Begin with the first line of the material and write out each line exactly, ending with the line that contains "After you have". Pictures are not part of the copy.
-- EXERCISE MATERIAL follows --
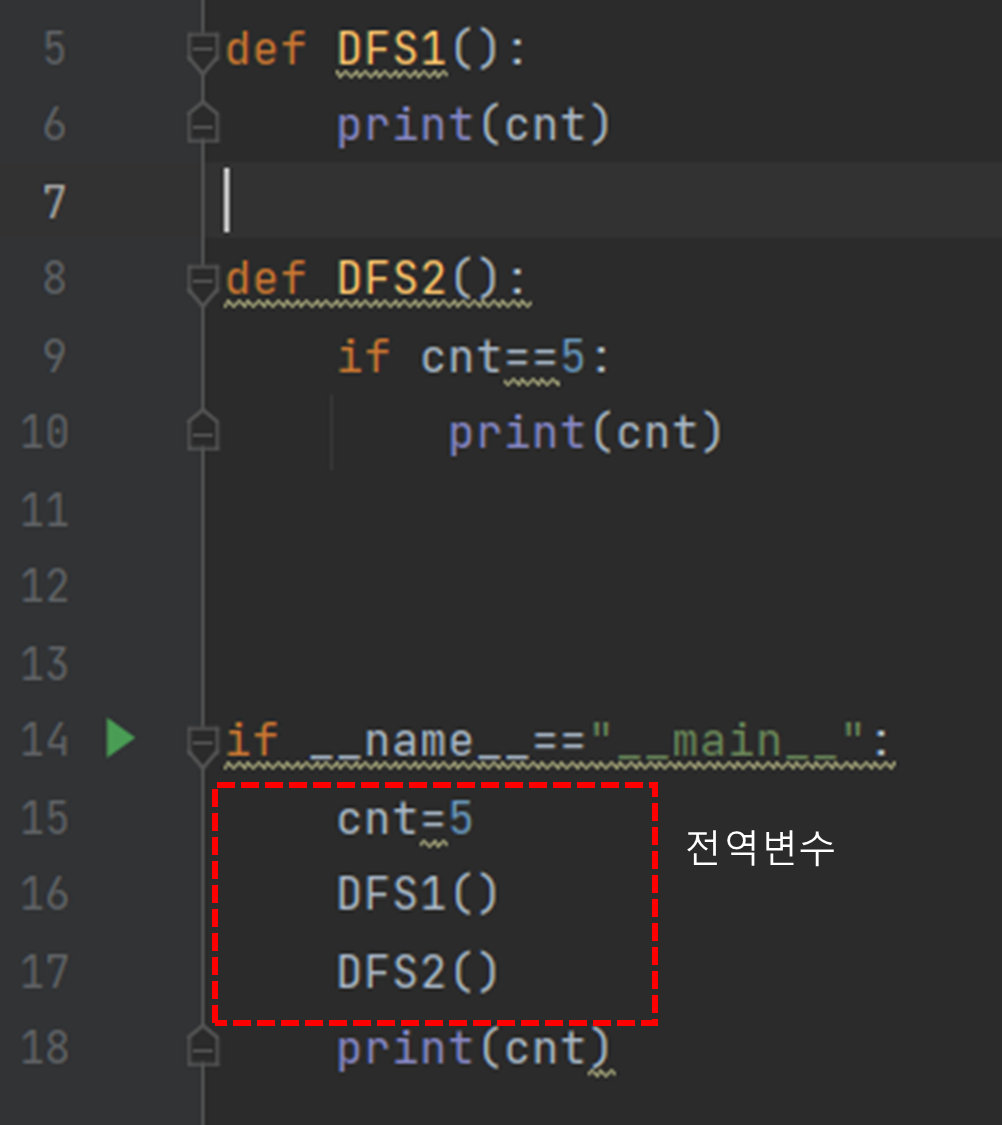 ๊ทธ๋ฌ๋ฉด 6๋ฒ์ค ๋ณ์ cnt๋ ์ถ๋ ฅํ ๋ 15๋ฒ์ค์ cnt=5 ๋ฅผ ์ถ๋ ฅํ์ง ์๊ณ ์ง์ญ๋ณ์ 5๋ฒ์ค cnt=3 ์ ๋ถ๋ฌ์์
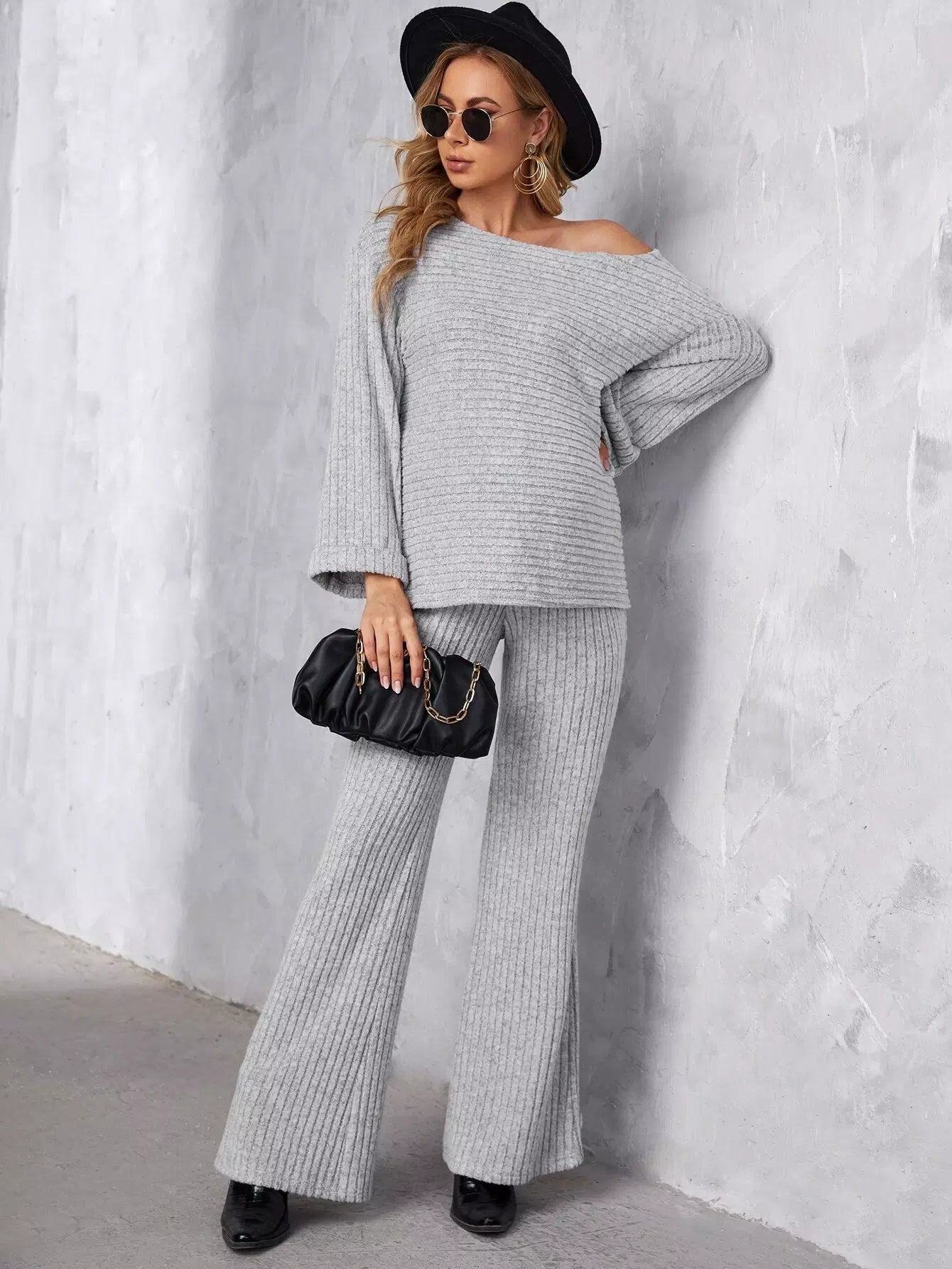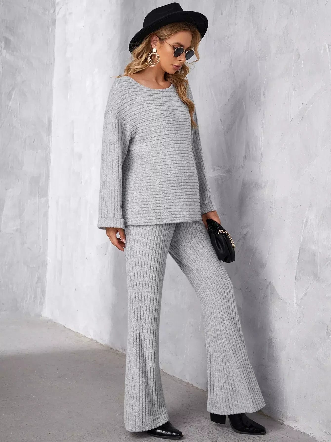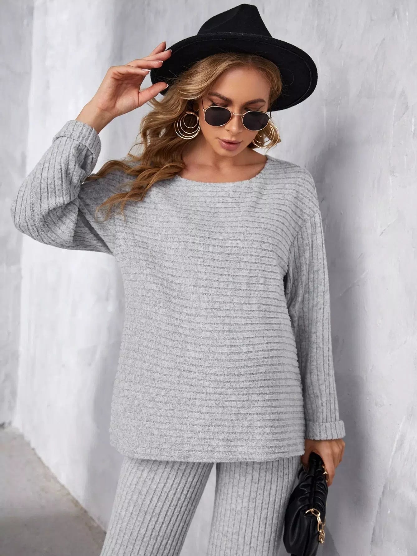 بلوزة وبنطلون سادة بأكمام منسدلة للحامل
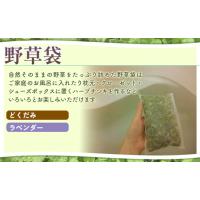 自然そのままの野草をたっぷり詰めた野草袋はご家庭のお風呂に入れたり枕元・クローゼット・シューズボックスに置くチンキを作るなど、いろいろとお楽しみいただけます。「どくだみ」と「ラベンダー」の2種類になります。
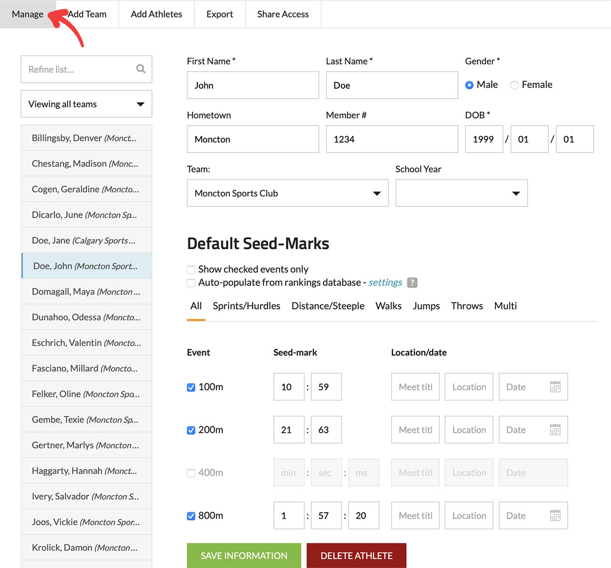 After you have added athletes to your roster, you can manage them in the "Manage" section. Here, you can easily modify athlete information, add default seed marks (for sports such as track and field), or remove athletes who are no longer a part of your team.
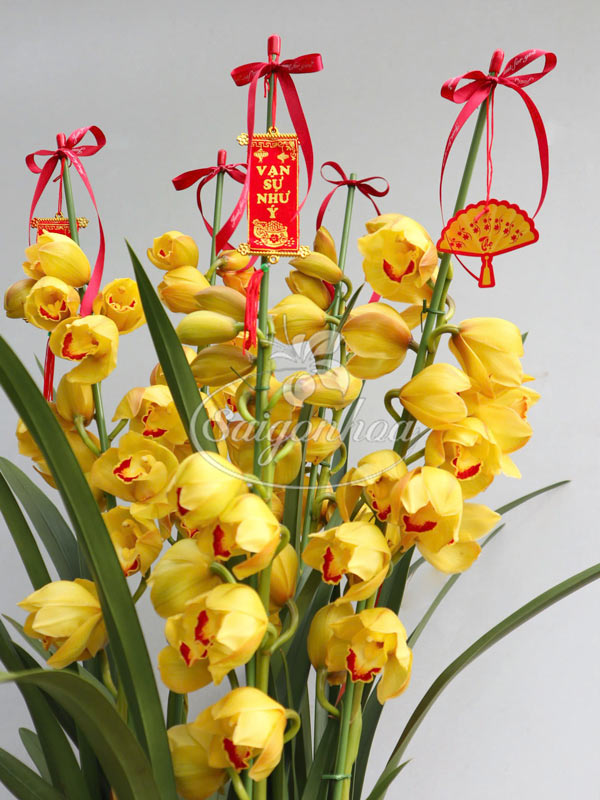 Chậu địa lan vàng Tết là một trong những lựa chọn hoàn hảo để làm quà tặng đối tác, Sếp, người thân và khách hàng bởi sự sang trọng, tinh tế và giá trị phong thủy tốt lành. Với sắc vàng rực rỡ tượng trưng cho phú quý – thịnh vượng, địa lan vàng góp phần mang đến không khí xuân ấm áp, may mắn tràn đầy.
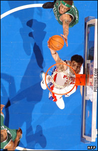 در مسابقات ليگ بسکتبال حرفه ای آمريکا، ان بی ای، پيستون دانکس، بوستون کلتيکس را 109 بر 102شکست داد. اين مسابقه در اوبورن هيلز ميشيگان برگزار شد. |
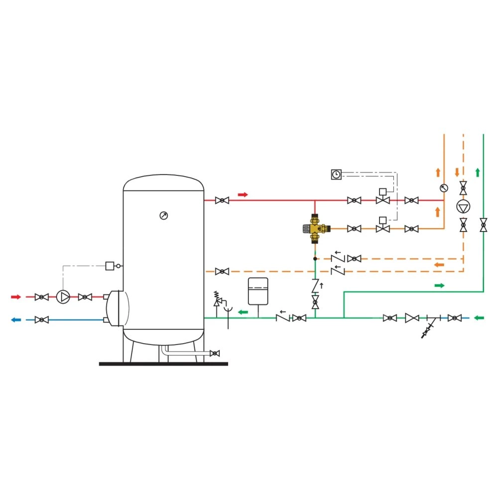 Regulowany termostatyczny zawór mieszający do systemów scentralizowanych. Korpus wykonany ze stopu odpornego na wypłukiwanie cyn
-- EXERCISE MATERIAL concluded --
▶ FINISHED EXERCISE:
 ๊ทธ๋ฌ๋ฉด 6๋ฒ์ค ๋ณ์ cnt๋ ์ถ๋ ฅํ ๋ 15๋ฒ์ค์ cnt=5 ๋ฅผ ์ถ๋ ฅํ์ง ์๊ณ ์ง์ญ๋ณ์ 5๋ฒ์ค cnt=3 ์ ๋ถ๋ฌ์์
 بلوزة وبنطلون سادة بأكمام منسدلة للحامل
 自然そのままの野草をたっぷり詰めた野草袋はご家庭のお風呂に入れたり枕元・クローゼット・シューズボックスに置くチンキを作るなど、いろいろとお楽しみいただけます。「どくだみ」と「ラベンダー」の2種類になります。
 After you have added athletes to your roster, you can manage them in the "Manage" section. Here, you can easily modify athlete information, add default seed marks (for sports such as track and field), or remove athletes who are no longer a part of your team.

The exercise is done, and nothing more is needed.